Ingaksa Temple in Gunwi, Gyeongsangbuk-do.

Temple History

Ingaksa Temple is located in the southeastern part of Gunwi, Gyeongsangbuk-do. The temple was first founded in 643 A.D. by the famed monk Wonhyo-daesa (617-686 A.D.). The name of the temple means “Giraffe Horn Temple” in English. More specifically, the temple is located next to the Wicheon River and Mt. Hwasan (828.1 m). Interestingly, people thought that Mt. Hwasan looked like a giraffe. And where Ingaksa Temple is located, people believed that’s where the giraffe’s horn should have been located; and hence, the temple’s name.

During the Goryeo Dynasty (918-1392), Ingaksa Temple was further expanded. And as the temple grew in size, Ingaksa Temple also grew to be one of the most prominent temples on the Korean peninsula. Also of note, Ingaksa Temple is closely associated with the famed monk Ilyeon (1206-1289) because it’s believed that he wrote the Samguk Yusa (Memorabilia of the Three Kingdoms) at Ingaksa Temple over a five year period starting in 1281. Ingaksa Temple would flourish until the mid-Joseon Dynasty (1392-1910).

There was an extensive excavation conducted at Ingaksa Temple from 1992-2009. And while there were no specifics discovered about the exact date of the temple’s founding, it’s believed that Ingaksa Temple already existed at the end of Unified Silla (668-935 A.D.). This assumption comes as a result of findings found at where the Daeung-jeon Hall was estimated to have been located.

In total, there are two Korean Treasures. One is the Stupa of State Preceptor Bogak and Stele at Ingaksa Temple, which is Korean Treasure #428. And the other, which can be found at the Central Buddhist Museum in Seoul, is the Set of Utensils Used to Contain Food Offered to Buddha at a Ritual Unearthed from Ingaksa Temple in Gunwi. As for the temple itself, it’s Historic Site #374.

Temple Layout

You first approach Ingaksa Temple in a bend in the Wicheon River. Having passed through the temple parking lot, you’ll next pass by a field with stone artifacts from the previously mentioned excavation. These stone artifacts date back to Unified Silla. Having passed by these historical items, you’ll finally enter into the large temple courtyard. Straight ahead of you is the Geukrak-jeon Hall. Out in front of this main hall is a three-story stone pagoda. This pagoda is based on a Silla Dynasty (57 B.C. – 935 A.D.) design, but the pagoda actually dates back to the early Goryeo Dynasty (18-1392). The top of the pagoda, the finial, is in good condition, while the two-tiered based has a fan-shaped bottom which supports the weight of the square body stones. The pagoda, which is officially known as the Three-Story in Ingaksa Temple, is Gyeongsangbuk-do Cultural Heritage Material #427.

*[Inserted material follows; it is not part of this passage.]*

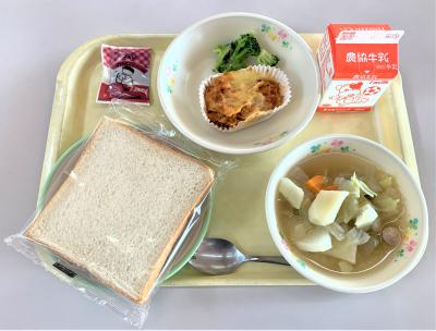 食パン、ラザニア風、添え野菜(ブロッコリー)、ポトフ、豆チョコクリーム、牛乳

As for the Geukrak-jeon Hall, the exterior walls are adorned in simple dancheong colours and a collection of colourful floral murals. Stepping inside the Geukrak-jeon Hall, you’ll find a triad of statues on the main altar centred by Amita-bul (The Buddha of the Western Paradise). This central image is joined on either side by statues of Gwanseeum-bosal (The Bodhisattva of Compassion) and Daesaeji-bosal (The Bodhisattva of Wisdom and Power for Amita-bul). To the left of this triad are a pair of paintings. The first is a Banya Yongseon-do (Dragon Ship of Wisdom Mural), and the other is dedicated to Chilseong (The Seven Stars). And hanging on the far right wall is the temple’s Shinjung Taenghwa (Guardian Mural).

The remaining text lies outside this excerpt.